2. Foundational courses in the social sciences such as psychology, sociology, anthropology, economics, and political science. These courses are necessary in developing students to become wholesome in their generic competency. In order to achieve that end, the following themes must be incorporated in the courses: (a) Society and Culture, (b) Race and Ethnicity, (c) Gender Relations, (d) Multiculturalism, (e) Power Analysis, (f) Development Issues, (g) Social Ecology, (h) Social Dynamics, (i) Social Changes, (j) Displaced Population, (k) Indigenous People's Issues, (l) Globalization, (m) Cognition and Learning, (n) Deviance, (o) Social Psychology, (p) Human Development, (q) Philosophy and Ethics, and (r) Religion and Spirituality.

3. Courses which prepare students for selected fields of practice: (a) Family and Child Welfare, (b) Reformatory Service, (c) Health and Medical Social Work, (d) School Social Work, (e) Gerontology, (f) Women and Minorities, and (g) Disability.

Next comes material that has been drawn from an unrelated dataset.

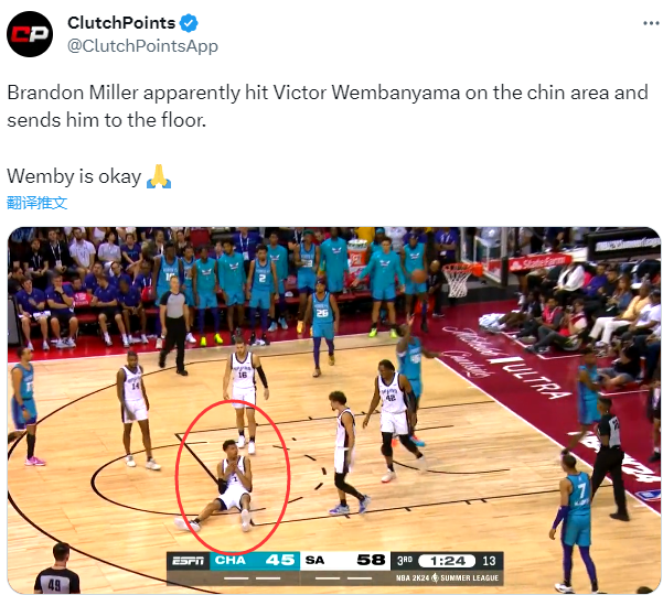 第一节最后1分多钟,2米24的文班亚马展现不俗的运球能力,如此身高仍能变向过人;文班亚马的威胁很大,持球背打米勒,瞬间吸引黄蜂多名球员包夹,不过文班亚马没顶动米勒,最终出现失误。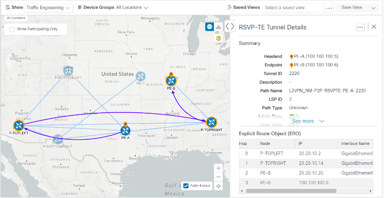With network automation, the objective is to automate the feedback loop to enable quicker reaction to and remediation of network events. With Crosswork Network Controller, network operators can orchestrate L2VPN and L3VPN services across the transport network, via a programmable interface, in a very quick and efficient manner. Segment routing traffic engineering (SR-TE) polices can be configured to continuously track network changes and automatically react to optimize the network. These SR-TE polices can serve as the underlay configuration for the VPN services to automatically maintain the SLAs.

4. Practicum/field work that provides students with clearly designed learning

experiences in a practice setting:

• A minimum of two field placements, which make up a total of 800– 1,000 hours, is required;

• A minimum of eight weeks per semester in an agency and community respectively to facilitate students' development of professional competencies;

• Prerequisite courses must be taken before students start their practicum;

• A minimum of one hour per week supervision where at least 50 percent are being conducted by a professional supervisor who should be a qualified social worker;

• Planned coordination and liaison between the university and agencies to ensure the field work experience meets the program planned objectives and outcomes;

• A minimum of two site visits by the academic supervisor per semester; and

• The proportion of core social work and foundational courses in the curriculum has to be 85 per cent for core courses including practicum, and 15 per cent for foundation courses.